Depois vem o jogo de luzes e sombras do Teatro Negro de Praga, bem ali na Avenida Jamaris (Moema), representando os distanciados vestígios da inefável cidade dos palácios e castelos, onde o inverno é uma primavera, e vice-versa, a nórdica beleza das pessoas (a brancura imaculada do corpo e da alma?): aprazível terra de nossa querida amiga Pavla Lidmilová, escritora tcheca especializada em literatura de língua portuguesa. Dela conservo carinhosamente os livros que ela traduziu e publicou – e teve a bondade de enviar-me - : “Grande Sertão: Veredas”, de Guimarães Rosa, “Perto do Coração Selvagem”, de Clarice Lispector, e os “Contos” mágicos de Murilo Rubião, todos no idioma para mim ilegível, e mesmo assim prenhes de vida bem temperada na afetividade e na racionalidade do que há de melhor no espírito humano. Quanto ao espetáculo, ah, no cenário escuro (do fundo) e claro (do primeiro plano), os personagens visíveis e invisíveis encenam o romance duplamente poético do realismo e da magia de um surrealismo dinâmico e inteligível. A fantasia dento do contexto da realidade.
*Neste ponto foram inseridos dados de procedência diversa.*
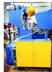
PNEUMATIC FOUR SPINDLE NUT TAPPING MACHINE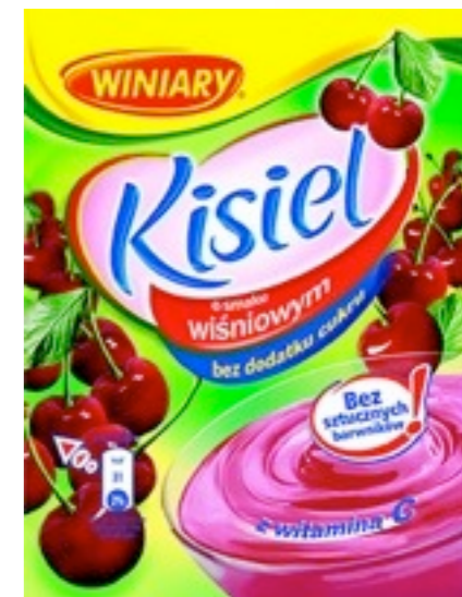
3265.Cherry bc 38g (30)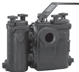
Models 792SH, 794SH

Strainers provide economical protection for costly pumps, meters, valves, and other similar mechanical equipment by straining foreign matter from the connected piping system. Installation of a strainer before mechanical equipment can ensure trouble free service and avoid costly shutdowns for repair or replacement of equipment damaged by foreign matter. The size of the perforation or mesh in the basket screen will determine the smallest particles captured. See pages Strainer Information section of the Mueller Steam Specialty Engineering binder for detailed information including sizes and materials available.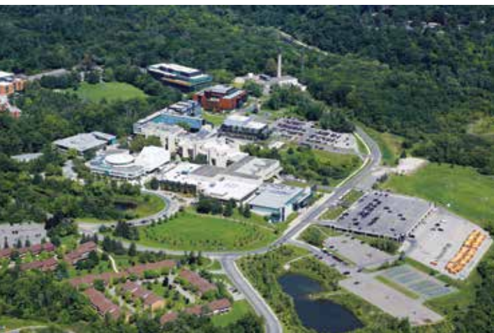
University of Toronto Mississauga (UTM)

For more information visit the ITS website at http://main.its.utoronto.ca/about/strategic-plan or contact the CIO directly at cio.office@utoronto.ca .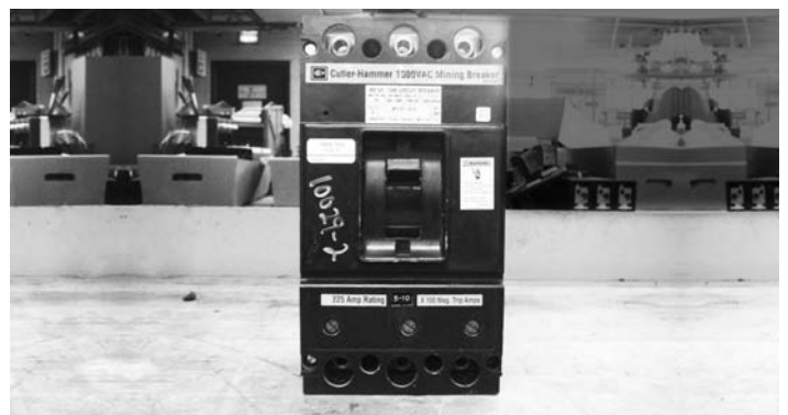
Figure 16. Eaton Manufactured Breaker; Undervoltage Release is Tested for Proper Operation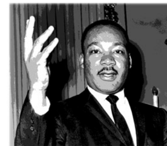
Martin Luther King Jr., American clergyman and civil rights leader

“How can the dream survive if we murder the children? Every aborted baby is like a slave in the womb of his or her mother. The mother decides his or her fate.”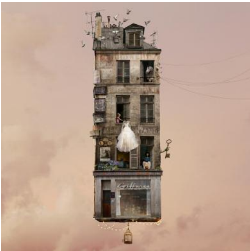
3 A SPECIAL DAY / Le Grand Jour © Laurent Chéhère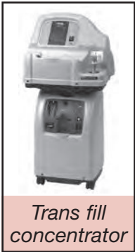
Trans fill concentrator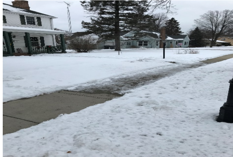
Figure 6- BEFORE CLEARING 1/30/2020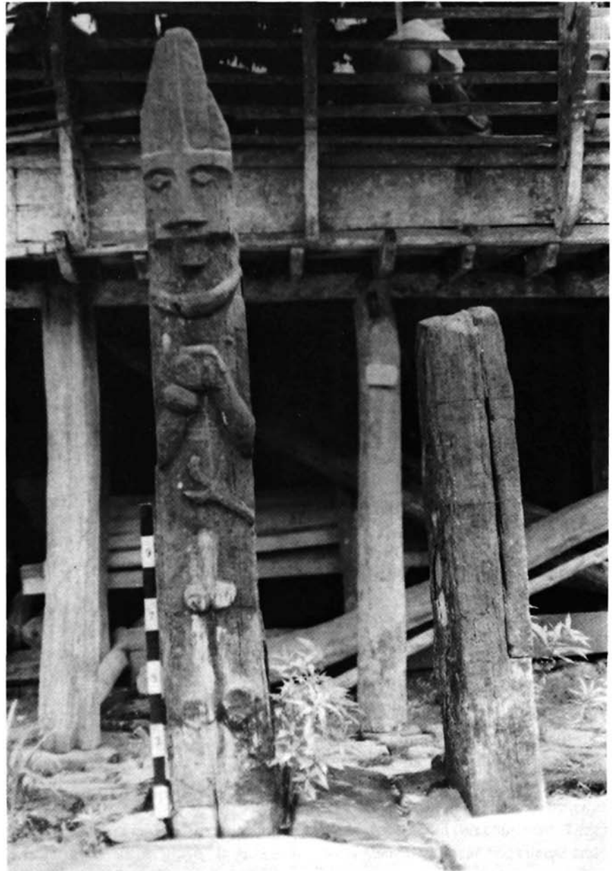
A menhir statue from Onowembo Telemaera.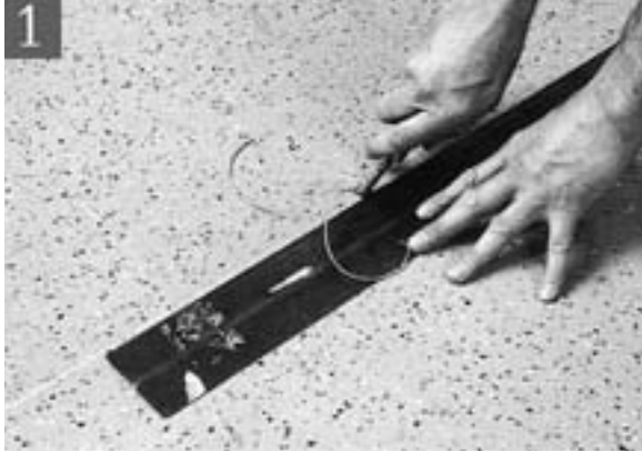
1. Cut in joints and allow adhesive to set, then groove the joints to an even, consistent depth. The standard of grooving will affect the strength and appearance of the joints.

range of colours to complement the floor colours. Hot welding using appropriate equipment is more difficult and slower than with sheet vinyl flooring and is not recommended with profiled flooring or tiles.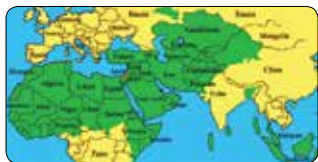
You can barely see Israel (red) in the middle of a Muslim-dominated land.

The Bible not only promised Israel would return to their God-given land, but that this tiny nation would also become a burdensome stone to the world. Hardly a day goes by that Israel's not in the news. Israel has a population of about 8 million, the Arabs about 450 million.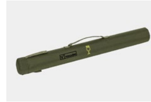
Transport bag for digital probe VSM4 Item No. 2903170450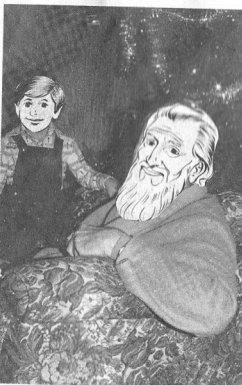
The King & Prince at NYE Praise Meeting!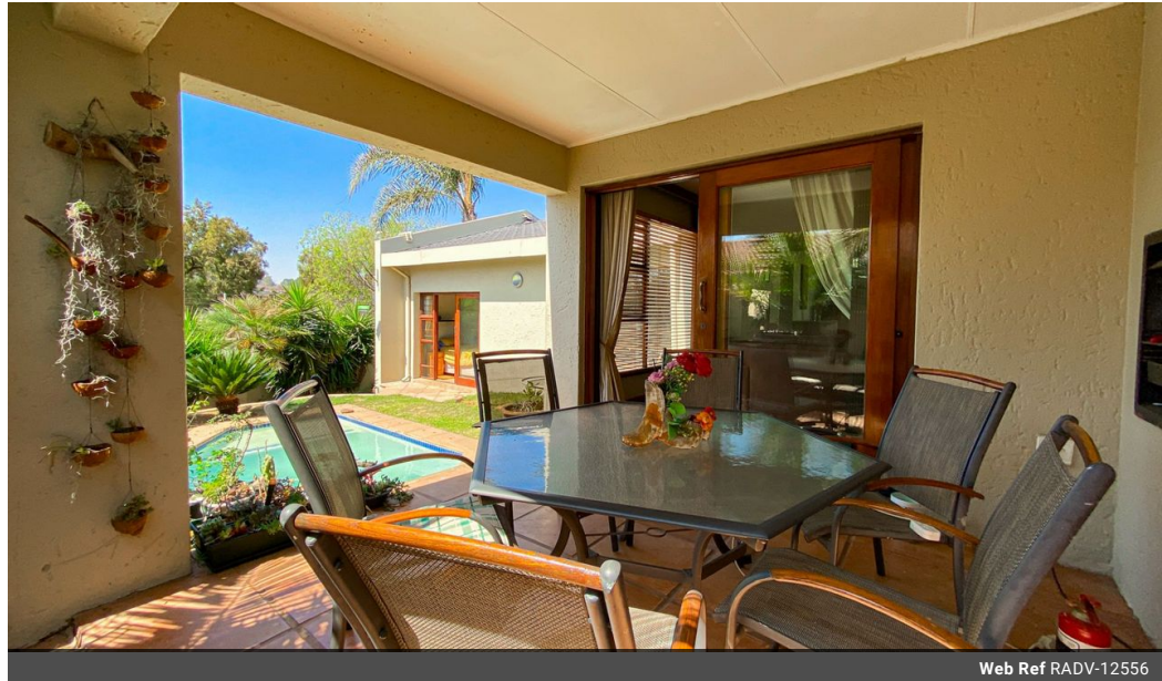
Web Ref RADV-12556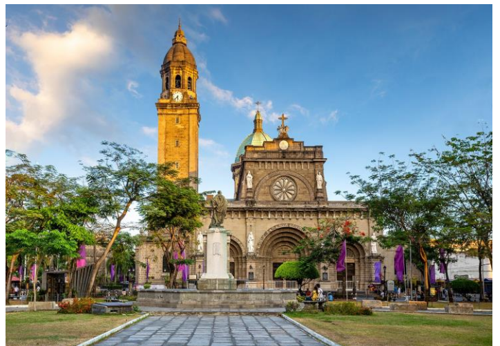
Immaculate Conception Cathedral, Manila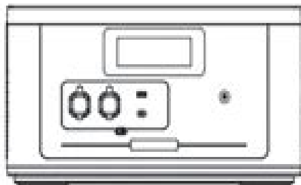
B2000 Smart Expansion Battery *1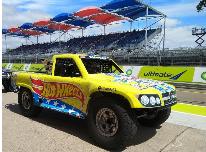
Figure 1 - Matt Mingay Stadium Super Truck 2020 Superloop Adelaide 500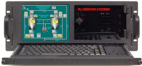
Trenton TRC4007 Rackmount System Shown with a 14-slot backplane and one SBC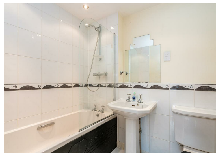
The Rex, High Street Berkhamsted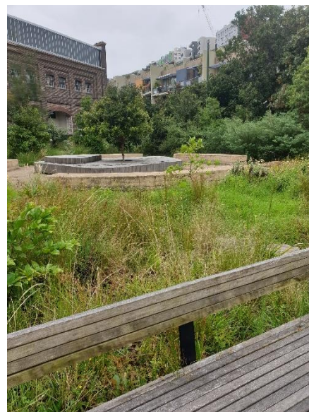
9 Gardens at Eveleigh Precinct – we may visit one day, when visiting the Rooftop garden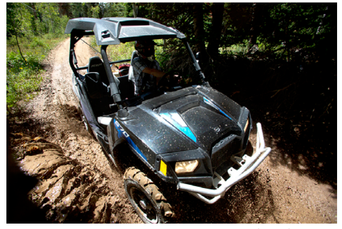
Polaris RZR 570 on the Arapeen OHV Trail #57, near Miller's Flat and Potters Ponds- also east of Fairview, Utah.

Park, located at the mouth of the canyon just to the south, enjoy OHV riding. There are more than 170,000 ATVs, side by sides, and motorcycle enthusiasts in Utah who find that off-roading is a great way to spend time with family and friends while enjoying the outdoors.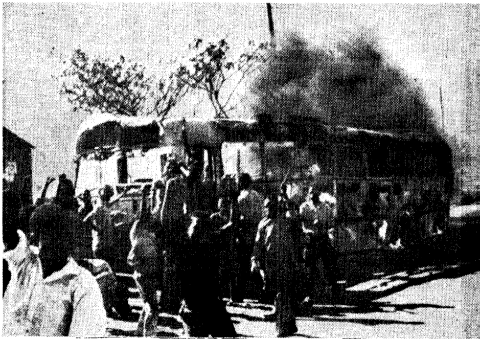
Bus burns during black revolt in Soweto last month.

The organizational aid lent by the Natal Garment Workers Union to the black unions (although later withdrawn under intense pressure from the government and TUCSA leadership), along with numerous other instances of solidarity between Indian workers in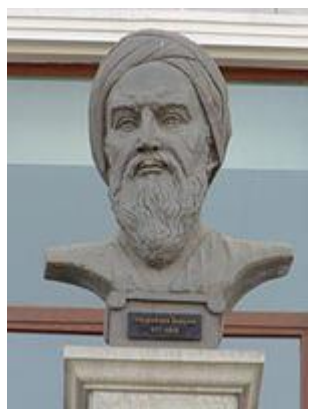
Al-Biruni's bust at an entrance to National

method to mechanics. He was also well known for his ability to combine hydrostatics with dynamics to create what is called hydrodynamics. He also devised his own method of determining the radius of the earth using observation of the height of a mountain.

A exposição da Casa Cor 2007, no Jockey Club de São Paulo, apresenta 67 ambientes criados por 87 profissionais da arte decorativa, que aproveita e embeleza o espaço da convivência, de forma ágil e suave, expansiva e aconchegante. A formatação espacial vai da calçada de uma edificação ao preciosismo de uma iluminação interna com sacolas pendentes recheiadas de cristais luzentes no bojo. O percurso dos arranjos passa pelo gazebo das flores, os lounge e jardins, atravessa terraços e estúdios, salas multimídias, espaço goumert e boudoir, closet de casal, brinquedoteca, academia de ginástica, adega, biblioteca, cozinha, sala de jantar, quartos de crianças, salas de beleza e saúde. Algo impensável fora do grand monde das zelites (como diria o presidente). Haja dinheiro porque o bom gosto está até nas pessoas desaquinhoadas. Até água colorida tem na decoração dos interiores sofisticados, riquíssimos. Haja moeda corrente, fria ou quente. Mas o que se há de fazer? A estética é também um formidável componente da felicidade.
No mega- teatro ALPHA, onde já tínhamos visto do Grupo Corpo o maravilhoso “Ongotô”, vimos agora (com a regalia da primeira fila, encomendada com antecedência pela filha Ana Paula) o espetáculo encantatório, de duas horas e trinta minutos, “My Fair Lady”, de 10 cenários rotatórios, com 20 músicos, 40 artistas, 65 técnicos e 300 figurinos, baseado na peça de Bernard Shaw (“Pygmalion”), com texto e letras de Alan Jay Lerner, música de Frederick Loewe, versão brasileira de Cláudio Botelho, direção geral de Jorge Takla, com a interpretação de Daniel Boaventura, Amanda Acosta e Francarlos Reis, nos papeis principais dos personagens. Uma espécie de telepatia coletiva tão possessiva que os aplausos repetiam-se, eufóricos, a cada mudança de quadro. Até parecia que estávamos diante de um espetáculo do melhor Shakespeare dos famosos palcos elizabetanos de Londres ou dos não menos renomados da Broadway dos Estados Unidos. Um vigoroso eco do humorismo socialista de Shaw, que marcou uma época e continua marcando outras épocas através da habilidade de exprimir, em termos assimiláveis, a sua enternecida paixão pela igualdade social dos seres humanos. Algo ao mesmo tempo inesquecível e esperançoso.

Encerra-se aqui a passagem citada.